During the last decade, Marylebone’s property value has continued to steadily rise with the average home costing £1.7 million, compared to £350,000 in 2000.
Traditionally speaking, Sands End was home to less than appealing industrial factories and estates. Alongside this the area was not well connected to the capital and so house prices were reasonably low in comparison to other London boroughs.
However, due to the investment of housebuilding company St. George and the support of then mayor, Ken Livingston, the area has seen a huge rise in value beginning in the latter years of the 1990s.
The construction of the Imperial Wharf was a welcome turning point for the area, as high end restaurants and stores began to find a home on the wharf.
With a series of new homes and apartments having been built in the last decade, house prices have risen significantly from an average of £300,000 in 2000, to £1 million in 2016. Alongside this, its connection to nearby Chelsea has meant that the two areas have integrated significantly, and similar to Marylebone, it has developed into a hub for high earners and professionals.
Made famous by Trotters Independent Traders, Peckham was once a blight on the London map, and yet as with a lot of the English capital it has seen a rejuvenation in the recent decade.
With the local council having rebranded the area as a slick urban hotspot, many clubs, independent stores and restaurants have flocked to the once run down area.
The area has also welcomed in an age of art galleries, pop up markets and gig venues in an attempt to embraces its bohemian image.
Alongside this now booming culture, transport has been improved and housing prices have risen. In 2000, the average home was valued at under £120,000, today however the property prices have risen to well above £500,000 in value.
As the Peckham Rye high street has now been listed as an area for conservation, property prices are predicted to follow a trend of gradual rises in the forthcoming years, with the area having grown in stature since its days as the home of the two most well-known dodgy dealers.
Stratford always had a lot of potential, but rejuvenation was a slow burner throughout the 90s with the local council struggling to fund any new infrastructure.
Of course, all that changed once London was awarded the 2012 Olympics, and suddenly Stratford became a hub of construction with millions of pounds being invested in the area.
Altogether, around £13 billion has been spent on the township transforming it into a city within itself.
Aside from the incredible Olympic stadium, a cultural quarter, a new campus that adjoins with the University College London and a 600-seat theatre have all been built at the once down and out Stratford, bringing over 6,000 jobs to the area.
Alongside all of these changes, the housing market has seen a boom in both interest and prices. More people than ever are moving to the now upmarket area, and property prices have increased from £94,000 in 2000 to over £380,000 in 2016 with hundreds of homes already planned for construction in the area over the next decade.
While Islington has always been a hub of upmarket property development, in recent years it has been inundated with London professionals looking to get way from the inner city.

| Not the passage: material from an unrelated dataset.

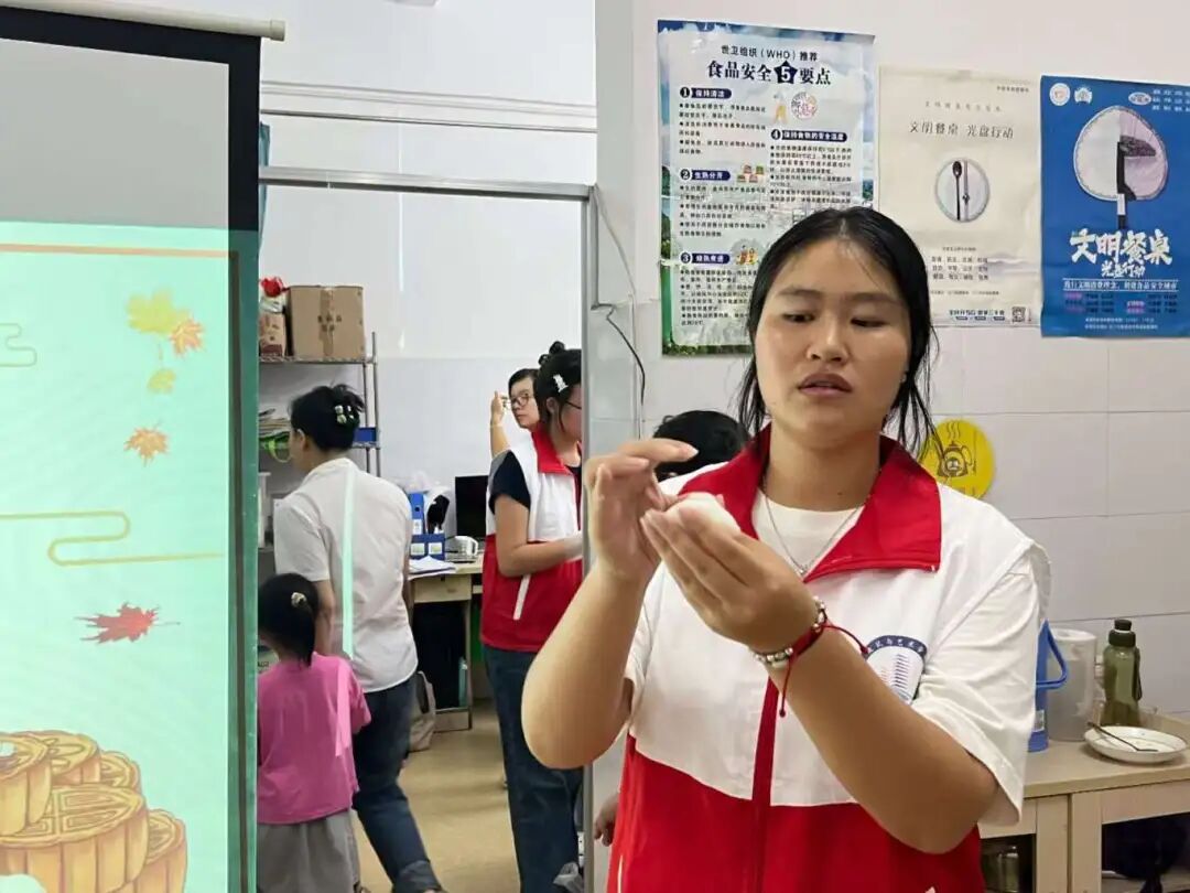 最令人期待的环节是冰皮月饼制作环节,支部入党积极分子化身为“月饼师傅”,为现场的家长和小朋友耐心讲解冰皮月饼的制作流程,指导小朋友们揉面团、包馅料、压模具,从“掌心揉匀冰皮”到“小心捏紧收口”,每一个操作细节都细致示范。入党积极分子们将材料分发给亲子家庭,小朋友们兴奋地围在桌前,迫不及待地动手尝试,家长在旁耐心指导,现场欢声笑语不断。

The former home of Tony Blair has seen a 46% growth in property prices over the past five years, with the majority of the growth having been brought about via the investments of high paid professionals setting up shop in the area.
With much of the homes listed as historical Georgian and Victorian architecture, the beauty and safety of the town has also attracted families looking to settle outside the hustle and bustle of London.
As interest in the area continues to grow, as do house prices; with the average home costing approximately £750,000 today compared to just over £200,000 in the year 2000.
With renovations continuing to take place, and establishments such as Chapel Market garnering an increasingly impressive reputation as a cultural hub, property prices look set to continue growing for the foreseeable future.
As the city of London and its surrounding boroughs continue a trend of investment and innovation, it’s highly likely that property prices will continue to grow in value over the forthcoming decade.
Never has it been more lucrative to invest in a London property, with the housing market continuing to boom alongside economic growth.
We at Hugh Grover are one of London’s leading estate agencies, with a specialist branch in Islington. We pride ourselves on keeping up to date with housing trends and ensuring the best value for property investors and buyers. If you’d like to learn more, take a look at our website here.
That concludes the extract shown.